Marion Township is a township in Olmsted County, Minnesota, United States. The population was 6,159 at the 2000 census. It contains the census-designated place of Marion.

==History==
Marion Township was organized in 1858.

On April 17th, 2026, an EF2 tornado struck a residential neighborhood within Marion Township, damaging or destroying dozens of homes. The tornado had a path nearly ten miles long and was approximately 200 yards wide at its peak, with wind speeds reported at 130 miles per hour.

==Geography==
According to the United States Census Bureau, the township has a total area of 33.6 square miles (87.0 km^{2}), all land.

==Demographics==
As of the census of 2000, there were 6,159 people, 2,205 households, and 1,744 families residing in the township. The population density was 183.2 PD/sqmi. There were 2,244 housing units at an average density of 66.8 /sqmi. The racial makeup of the township was 95.45% White, 1.40% African American, 0.11% Native American, 0.91% Asian, 0.06% Pacific Islander, 0.75% from other races, and 1.32% from two or more races. Hispanic or Latino of any race were 1.70% of the population.

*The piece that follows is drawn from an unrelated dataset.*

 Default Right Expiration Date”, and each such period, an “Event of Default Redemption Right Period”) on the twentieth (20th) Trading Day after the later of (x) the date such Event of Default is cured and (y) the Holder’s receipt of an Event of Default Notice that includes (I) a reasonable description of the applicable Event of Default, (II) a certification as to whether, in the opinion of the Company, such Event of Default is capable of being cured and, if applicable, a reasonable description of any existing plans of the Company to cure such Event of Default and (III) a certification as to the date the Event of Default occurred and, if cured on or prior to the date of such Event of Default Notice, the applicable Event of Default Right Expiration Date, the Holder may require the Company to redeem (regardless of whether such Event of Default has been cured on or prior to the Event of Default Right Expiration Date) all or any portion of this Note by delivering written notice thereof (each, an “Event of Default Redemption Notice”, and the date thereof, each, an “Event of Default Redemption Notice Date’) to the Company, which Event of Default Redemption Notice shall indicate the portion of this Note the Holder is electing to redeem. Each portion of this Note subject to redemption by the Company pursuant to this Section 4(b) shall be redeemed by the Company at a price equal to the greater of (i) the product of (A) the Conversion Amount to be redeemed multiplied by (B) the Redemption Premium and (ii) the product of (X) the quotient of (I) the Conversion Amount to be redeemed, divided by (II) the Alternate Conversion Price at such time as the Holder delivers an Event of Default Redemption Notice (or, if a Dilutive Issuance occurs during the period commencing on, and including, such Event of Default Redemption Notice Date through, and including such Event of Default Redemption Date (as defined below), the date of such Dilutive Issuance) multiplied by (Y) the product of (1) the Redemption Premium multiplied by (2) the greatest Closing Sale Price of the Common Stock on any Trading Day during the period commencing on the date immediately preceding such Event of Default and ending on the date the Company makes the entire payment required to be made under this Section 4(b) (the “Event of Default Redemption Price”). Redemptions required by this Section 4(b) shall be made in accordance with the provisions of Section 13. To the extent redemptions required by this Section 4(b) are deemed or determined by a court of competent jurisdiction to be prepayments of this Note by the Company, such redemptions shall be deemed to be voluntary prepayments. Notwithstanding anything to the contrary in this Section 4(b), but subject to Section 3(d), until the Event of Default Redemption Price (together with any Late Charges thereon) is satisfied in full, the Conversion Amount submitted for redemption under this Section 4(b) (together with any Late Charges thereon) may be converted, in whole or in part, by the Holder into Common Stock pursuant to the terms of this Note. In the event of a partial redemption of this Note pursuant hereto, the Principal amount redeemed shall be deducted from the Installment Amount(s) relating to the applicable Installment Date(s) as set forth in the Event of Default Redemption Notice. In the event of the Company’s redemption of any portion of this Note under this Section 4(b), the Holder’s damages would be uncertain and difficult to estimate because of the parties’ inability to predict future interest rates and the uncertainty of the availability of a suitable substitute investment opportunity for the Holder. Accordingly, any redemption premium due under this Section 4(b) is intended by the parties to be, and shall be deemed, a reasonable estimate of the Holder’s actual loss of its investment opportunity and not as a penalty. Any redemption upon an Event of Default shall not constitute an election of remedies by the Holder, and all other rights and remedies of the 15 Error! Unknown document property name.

There were 2,205 households, out of which 39.5% had children under the age of 18 living with them, 69.3% were married couples living together, 6.4% had a female householder with no husband present, and 20.9% were non-families. 14.5% of all households were made up of individuals, and 3.9% had someone living alone who was 65 years of age or older. The average household size was 2.79 and the average family size was 3.12.

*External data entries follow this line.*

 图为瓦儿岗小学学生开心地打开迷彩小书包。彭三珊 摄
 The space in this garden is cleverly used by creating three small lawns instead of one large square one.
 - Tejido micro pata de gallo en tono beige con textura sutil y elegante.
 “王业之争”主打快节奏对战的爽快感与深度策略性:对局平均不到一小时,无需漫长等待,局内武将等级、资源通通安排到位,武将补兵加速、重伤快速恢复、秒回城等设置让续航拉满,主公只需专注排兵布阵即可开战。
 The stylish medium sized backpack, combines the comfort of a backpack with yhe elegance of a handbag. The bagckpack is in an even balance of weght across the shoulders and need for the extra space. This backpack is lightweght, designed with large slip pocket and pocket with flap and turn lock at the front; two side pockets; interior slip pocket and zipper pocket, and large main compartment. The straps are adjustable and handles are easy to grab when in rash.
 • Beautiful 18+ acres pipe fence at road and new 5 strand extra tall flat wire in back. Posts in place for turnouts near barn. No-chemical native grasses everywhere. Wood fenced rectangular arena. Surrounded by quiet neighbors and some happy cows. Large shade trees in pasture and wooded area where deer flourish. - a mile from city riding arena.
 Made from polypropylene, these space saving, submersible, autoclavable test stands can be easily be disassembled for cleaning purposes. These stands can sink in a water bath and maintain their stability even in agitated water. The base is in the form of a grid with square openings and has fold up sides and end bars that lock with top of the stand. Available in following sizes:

In the township the population was spread out, with 28.3% under the age of 18, 6.9% from 18 to 24, 31.4% from 25 to 44, 26.5% from 45 to 64, and 7.0% who were 65 years of age or older. he median age was 37 years. For every 100 females, there were 104.4 males. For every 100 females age 18 and over, there were 102.7 males.

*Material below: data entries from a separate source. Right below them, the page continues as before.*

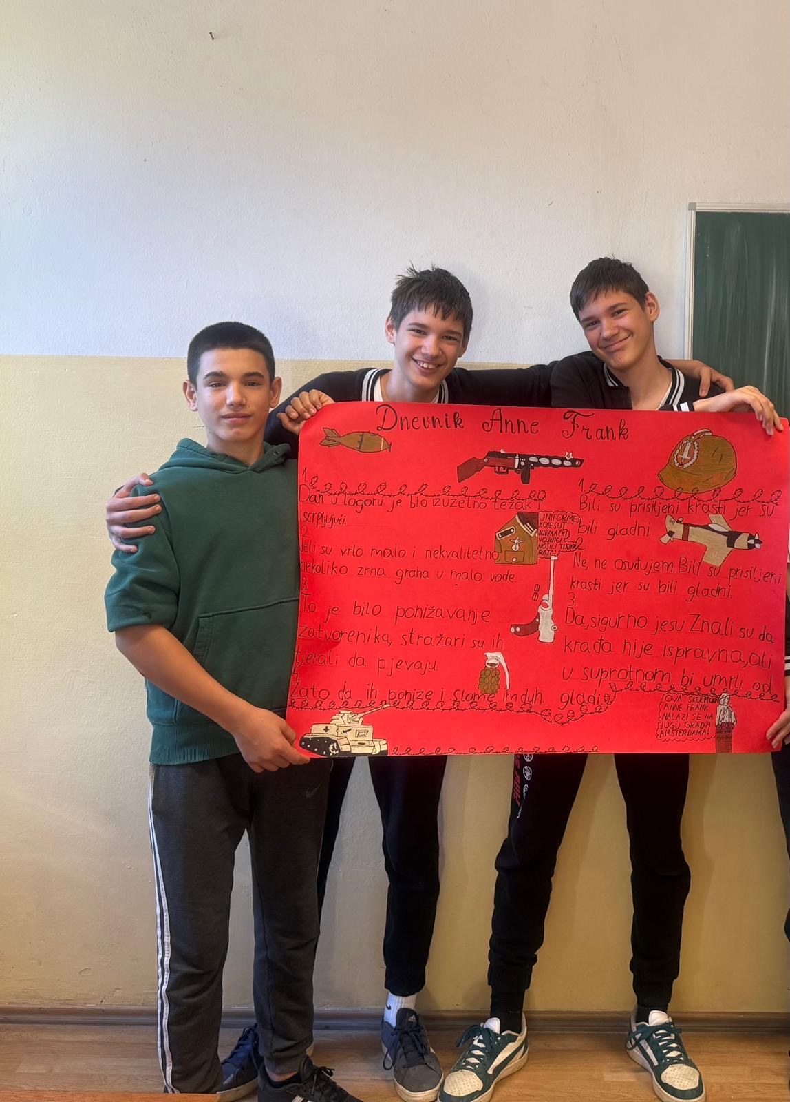 Poslije čitanja i uspješnog predstavljanja uradaka, osmaši su pogledali film Sjećanja na Annu Frank te pisali ispit u kojemu su povezali i usporedili pročitanu knjigu i film.
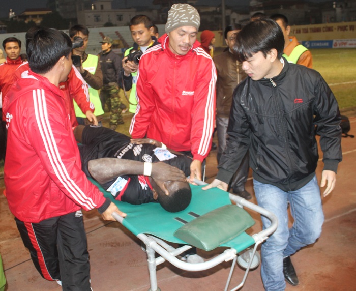 | Danny phải đi cấp cứu sau pha đạp người thô bạo của cầu thủ nhập tịch Đinh Văn Ta. |
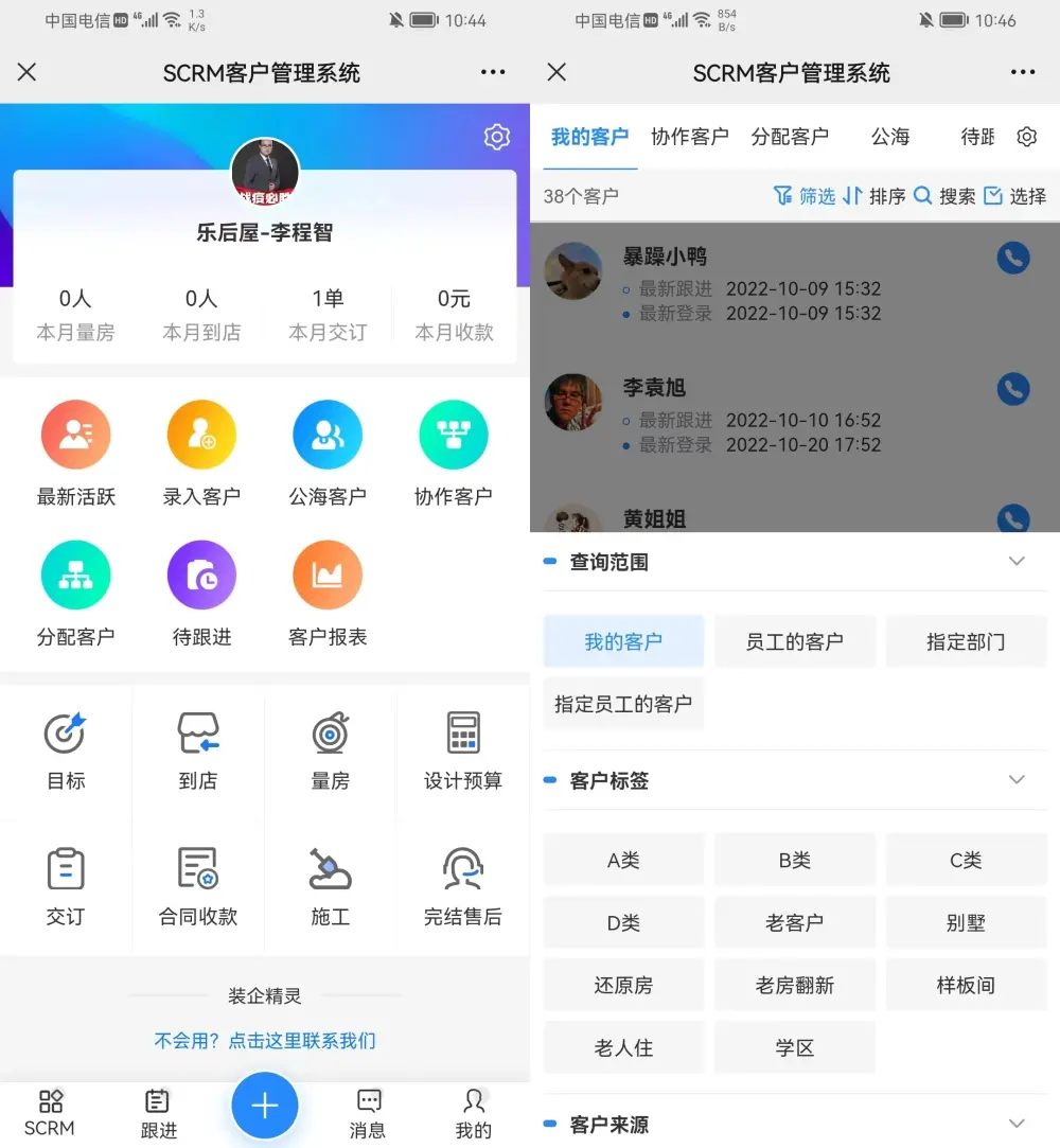 电脑端页面和scrm数据看板上线,数据看板,实现从客户到员工数据全覆盖,帮助装企提升管理效率;SCRM客户管理系统电脑端、手机端互通,微信扫码一键登录,随时随地多终端管理。

The median income for a household in the township was $61,470, and the median income for a family was $66,917. Males had a median income of $38,176 versus $29,867 for females. The per capita income for the township was $25,441. About 0.5% of families and 1.5% of the population were below the poverty line, including 0.7% of those under age 18 and 2.6% of those age 65 or over.